Abstract
To achieve the full therapeutic potential of implanted adipose stem cells (ASCs) in vivo, it is crucial to improve the viability and pro-angiogenic properties of the stem cells. Here, we first simulated the conditions of ischemia and hypoxia using the in vitro oxygen-glucose deprivation (OGD) model and confirmed that hypoxic preconditioning of ASCs could provide improved protection against OGD and enhance ASC viability. Second, we assessed the effect of hypoxic preconditioning on pro-angiogenic potential of ASCs, with a particular focus on the role of vascular endothelial growth factor-A (VEGF-A) and stromal derived factor-1a (SDF-1a) paracrine activity in mediating angiogenesis. We found that the conditioned medium of ASCs (ASCCM) with hypoxic preconditioning enhanced angiogenesis by a series of angiogenesis assay models in vivo and in vitro through the upregulation of and a synergistic effect between VEGF-A and SDF-1a. Finally, to investigate the possible downstream mechanisms of VEGF/VEGFR2 and SDF-1a/CXCR4 axes-driven angiogenesis, we evaluated relevant protein kinases involved the signal transduction pathway of angiogenesis and showed that VEGF/VEGFR2 and SDF-1a/CXCR4 axes may synergistically promote angiogenesis by activating Akt. Collectively, our findings demonstrate that hypoxic preconditioning may constitute a promising strategy to enhance cellular viability and angiogenesis of transplanted ASCs, therein improving the success rate of stem cell-based therapies in tissue engineering.
Highlights
Recent developments in stem cell-based therapy have received considerable attention and produced promising results for tissue repair and functional tissue reconstruction after trauma
Hypoxia Enhances the Viability of adipose stem cells (ASCs) Exposed to oxygenglucose deprivation (OGD)
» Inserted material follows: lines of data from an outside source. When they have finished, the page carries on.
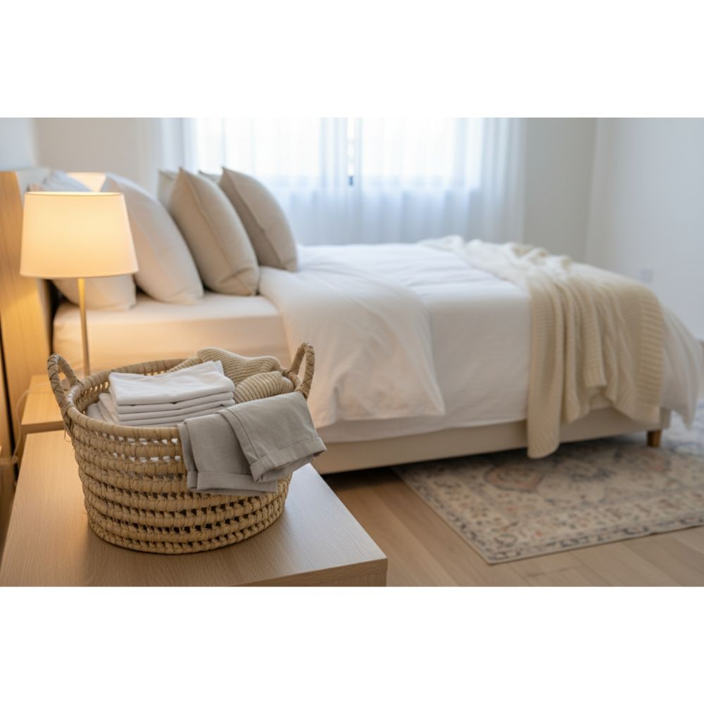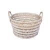 Handmade straw fruit basket with two side handles, made of natural fibers with an open weave in horizontal rings. Firm structure and rustic design, ideal for storing light clothes, toys or fruits, as well as serving as a decorative piece. Predominant color: natural beige.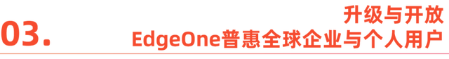2023年8月,EdgeOne正式面向全量用戶開放產品服務,滿足大中小企業和個人開發者的業務需求;今年3月,EdgeOne進行了產品的全面升級迭代。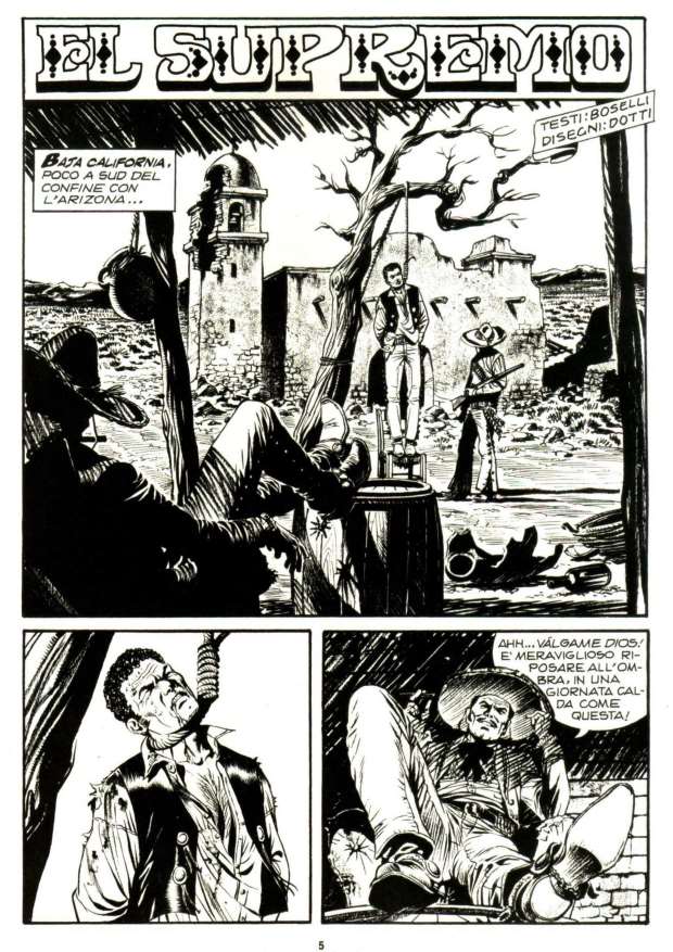 Però ci sono degli equilibri da rispettare. Il grande Villa si innamora molto spesso del primo piano, Santucci invece fa delle inquadrature angolate che si addicono di più alle storie horror che al West (e infatti adesso Marco lavora su Dampy). Tornando a Maurizio Dotti, invece lui è classico, ha appreso la lezione dei direttori della fotografia di John Ford, e sa molto bene quando c’è bisogno di profondità o quando è il caso di narrare da lontano e chiaramente la sceneggiatura asseconda queste qualità.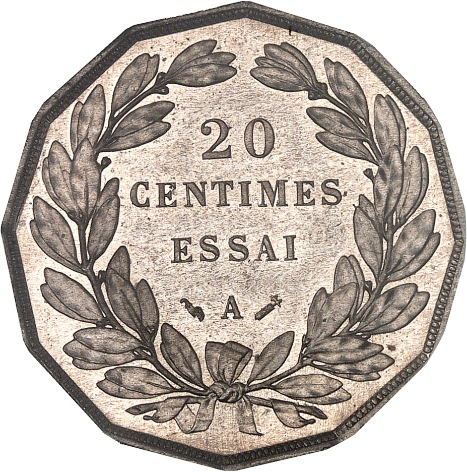 Rv. Dans une couronne formée de deux branches de laurier, en quatre lignes : 20 CENTIMES ESSAI et (différent) (atelier) (différent).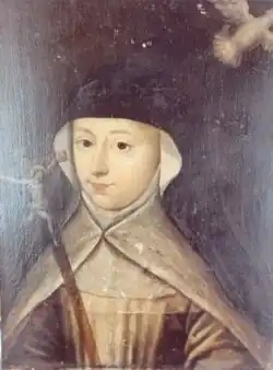 Antoinette d'Orléans-Longueville spent another three years in Machecoul to defend the interests of her sons, Henri (now the direct heir to the Duchy of Retz ) and Léonor (who died soon thereafter in 1600), and left their education to governesses, tutors and their grandparents.[2] Then, in 1599, she decided to "rebuild her life" at age 27. She learned of the existence of a new monastery, "a refuge for noble widows and orphans of war, run by the reformed Cistercian monks" and joined the Feuillantines convent near Toulouse as Sister Antoinette of Saint Scholastica.[3][4][5]

The caspase 3 activity assay showed that ASCs with hypoxic preconditioning(at 2% O2) were protected from OGD-induced cellular apoptosis (Figure 1E)
Summary
Recent developments in stem cell-based therapy have received considerable attention and produced promising results for tissue repair and functional tissue reconstruction after trauma. In the early days of tissue engineering, stem cells were used to promote tissue repair via migration to the damage sites and subsequent differentiation into tissue-specific cells (Hanson et al, 2010). This approach limited the potential benefits of stem cell-based therapy, because the viability of the implanted cells was strongly affected by microenvironment conditions in the implantation area. In the past few years, gene modification methods had been used to strengthen the original genotype Such approaches disrupt genome stability and can cause unpredictable gene mutations, which reduce their potential use in clinical applications on safety grounds (Guo, 2017). Nowadays, preconditioning (non-genetic methods), which improve the viability of and pro-angiogenic factor release by stem cells, attracts considerable attention and considered to be safe and efficient for clinical use (Paquet et al, 2015)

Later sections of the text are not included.